Les statines, quand sont-elles réellement utiles ?
Enfin, une revue d’envergure internationale se penche sur l’intérêt des statines et remet en cause leur intérêt. Il était temps ! Quel scandale faudra-t-il attendre avant d’arrêter d’en prescrire larga manu ? Martin Lasalle de PasseportSanté.net (www.passeportsante.net) a résumé dans le bulletin hebdomadaire du 2 février 2011 « Cholestérol et maladies du cœur : une étude remet en question l’utilité des statines en prévention », l’article scientifique qui fera peut-être bouger la communauté médicale. (1. Taylor F, Ward K, Moore THM, et al, Statins for the primary prevention of cardiovascular disease, Cochrane Database of Systematic Reviews, 19 janvier 2011, CD004816, DOI: 10.1002/14651858.CD004816.pub4.
2. Heneghan C, Considerable uncertainty remains in the evidence for primary prevention of cardiovascular disease (editorial), The Cochrane Library, 19 janvier 2011).
28 janvier 2011 – Les médecins devraient y penser à deux fois avant de prescrire des statines – un médicament anticholestérol – en prévention d’un premier événement cardiaque, chez des personnes affichant un faible risque de maladies du coeur.

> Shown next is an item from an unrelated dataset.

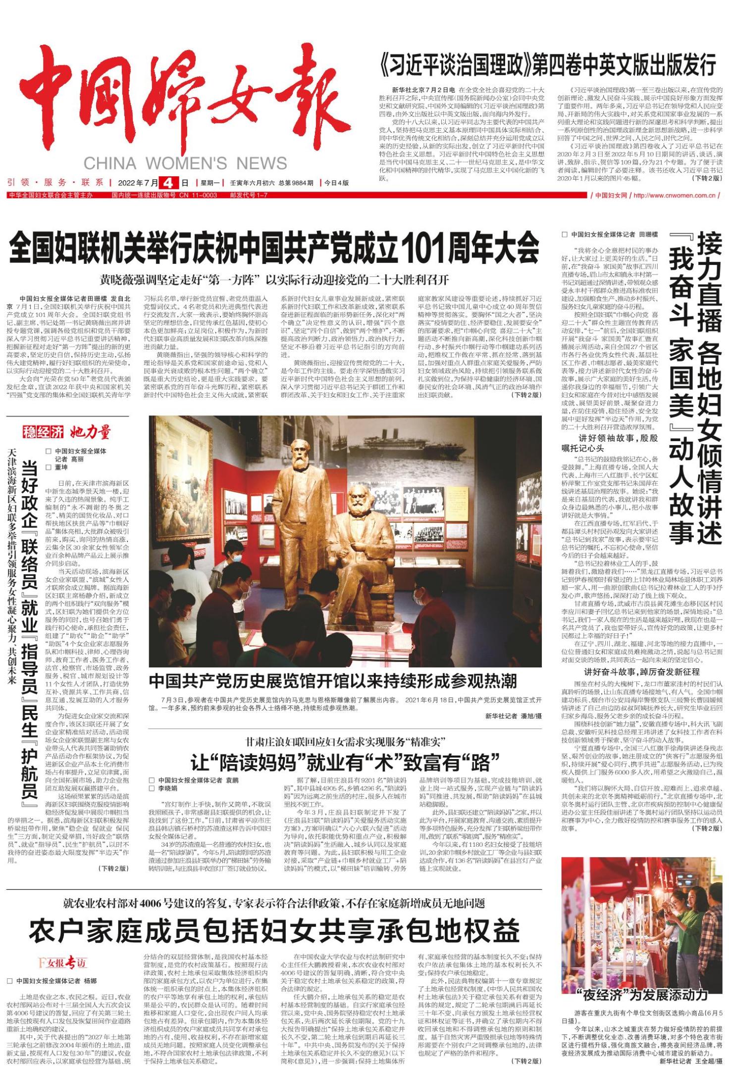 《中国妇女报》(电子版)的一切内容(包括但不限于文字、图片、PDF、图表、标志、标识、商标、版面设计、专栏目录与名称、内容分类标准以及为读者提供的任何信息)仅供中国妇女报读者阅读、学习研究使用,未经中国妇女报及/或相关权利人书面授权,任何单位及个人不得将《中国妇女报》(电子版)所登载、发布的内容用于商业性目的,包括但不限于转载、复制、发行、制作光盘、数据库、触摸展示等行为方式,或将之在非本站所属的服务器上作镜像。否则,中国妇女报将采取包括但不限于网上公示、向有关部门举报、诉讼等一切合法手段,追究侵权者的法律责任。

C’est la mise en garde qu’émet la revue américaine Cochrane1 – réputée pour sa rigueur scientifique et sa neutralité – à la lumière d’une analyse de 14 études portant sur l’efficacité de ce médicament auprès de 34 000 personnes.
Les statines forment une famille de médicaments fréquemment prescrits pour abaisser le taux de cholestérol sanguin en vue de réduire le risque d’incident cardiaque, tel l’infarctus.
Si ces études concluent à un léger effet protecteur sur le risque de décès de toutes causes, cet effet serait essentiellement le fruit « d’erreurs méthodologiques qu’elles comportent », écrivent les auteurs.
Ceux-ci ont relevé certains éléments pouvant biaiser les résultats des études analysées :
• jusqu’à 10 % des participants recrutés pour ces études avaient des antécédents cardiaques ou affichaient un risque élevé de maladie du coeur (ex. : diabète, cholestérol élevé, hypertension);
• plus de la moitié des études recensées ne font aucune mention des effets indésirables pouvant résulter de la prise du médicament;
• les deux études comportant le plus de participants ont été interrompues prématurément, menant ainsi à une surestimation des résultats;
• toutes les études, à l’exception d’une seule, étaient parrainées par une compagnie pharmaceutique.
Peu de données sur les effets indésirables
« Toutes ces erreurs sapent la validité des résultats », écrit le chercheur anglais Carl Henegan, dans un éditorial2 accompagnant l’analyse des 14 études.
Celui-ci considère d’ailleurs « inacceptable » qu’autant d’études omettent de rapporter les effets indésirables des statines sur les patients.
« Il devient malaisé de se fier à ces études pour soupeser les bienfaits et les dangers de ces médicaments pour des patients à faible risque », ajoute-t-il.
Les auteurs de l’analyse des 14 études vont même plus loin. « Chez les personnes à haut risque (risque de décès de 20 % ou plus sur 10 ans), les bienfaits supplantent les dommages potentiels à court terme, mais les effets indésirables à long terme demeurent inconnus. »
Selon eux, ce manque d’information sur les effets indésirables à long terme est d’autant plus préoccupant que les statines sont de plus en plus prescrites à des adultes de moins de 50 ans affichant un risque élevé de maladies du coeur.
Enfin, les chercheurs se disent inquiets de la participation de l’industrie pharmaceutique dans le financement et l’élaboration des essais cliniques portant sur l’effet des statines.
« Il est bien établi que les études parrainées par l’industrie sont plus susceptibles de rapporter des résultats qui préfèrent le médicament au placebo », concluent-ils.
Que veut dire être à « faible risque »?
Une personne est considérée à faible risque lorsque, sur une perspective de 10 ans, le risque de mourir de toute cause est inférieur à 10 % et celui de subir un incident cardiaque (mortel ou non) est de moins de 20 %.